1st Time Pool Owner Desperate

Causes and cures for cloudy swimming pool water.
Milky pool water, white, pink, brown, purple, black cloudy water.
TheLawnmowerMan
I'm new here
I'm new here
Posts: 1
Joined: Sun 26 Jul, 2020 19:43
My Pool: 15x30 Oval Inground, 3ft - 10ft depth, Steel Wall w/Vinyl Liner, Hayward 210lbs sand filter, Hayward SuperPump 3/4hp.

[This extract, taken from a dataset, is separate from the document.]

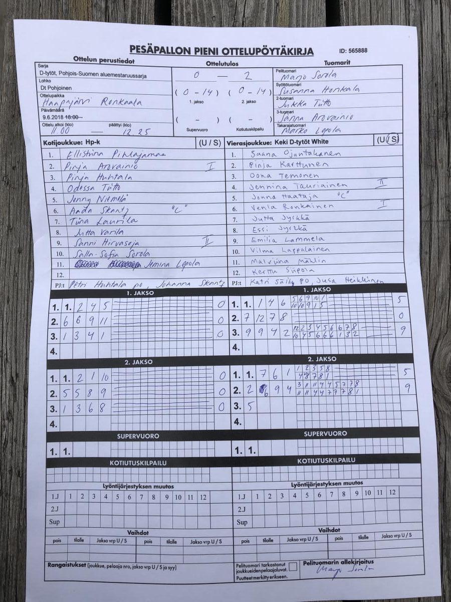 | 9.6.2018 | Hp-k | Keki D-tytöt White | 0-2 (0-14, 0-14) | näytä | |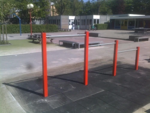 Dit duikelrek bestaat uit verticale, zwaar uitgevoerde thermisch verzinkte en gepoedercoate staanders met daartussen 3 rvs duikelstangen voor een optimale gladde draaibeweging. De staanders zijn standaard gepoedercoat in de kleur rood en dienen gebetonneerd te worden. Een zeer solide en onderhoudsarm speeltoestel voor vele jaren plezier.

1st Time Pool Owner Desperate

Postby TheLawnmowerMan » Sun 26 Jul, 2020 20:23

Pool Details
Inground Pool
15x30 Oval
3ft descending to 10ft (from what im told by previous owner)
Steel Wall w/Vinyl Liner (Liner age 10-15yrs)
Hayward Sand Filter w/ 3/4hp Hayward Super Pump
Chlorine used is SuperChlor (5 gal)
Shock used is HTH super concentrate

Background Story
As the title suggest my wife and I are first time homeowner and the pool came with the house. We purchased our house in the winter and were unable to see the inside of the pool due to it having the cover installed over it. When the month of May rolled around it finally got warm enough to go out and start doing yard work and pull the cover off the pool. I had to search around for the tool to remove the cover. When I did I didnt enjoy what I seen. The water was crystal clear, BUT the bottom of the pool was covered with im guessing 1 in or more of leaf debris, algae growth, and random items that were sunk to the bottom. The pool I later found out was left unattended and uncovered for a considerable amount of time to the tune of several years. Great...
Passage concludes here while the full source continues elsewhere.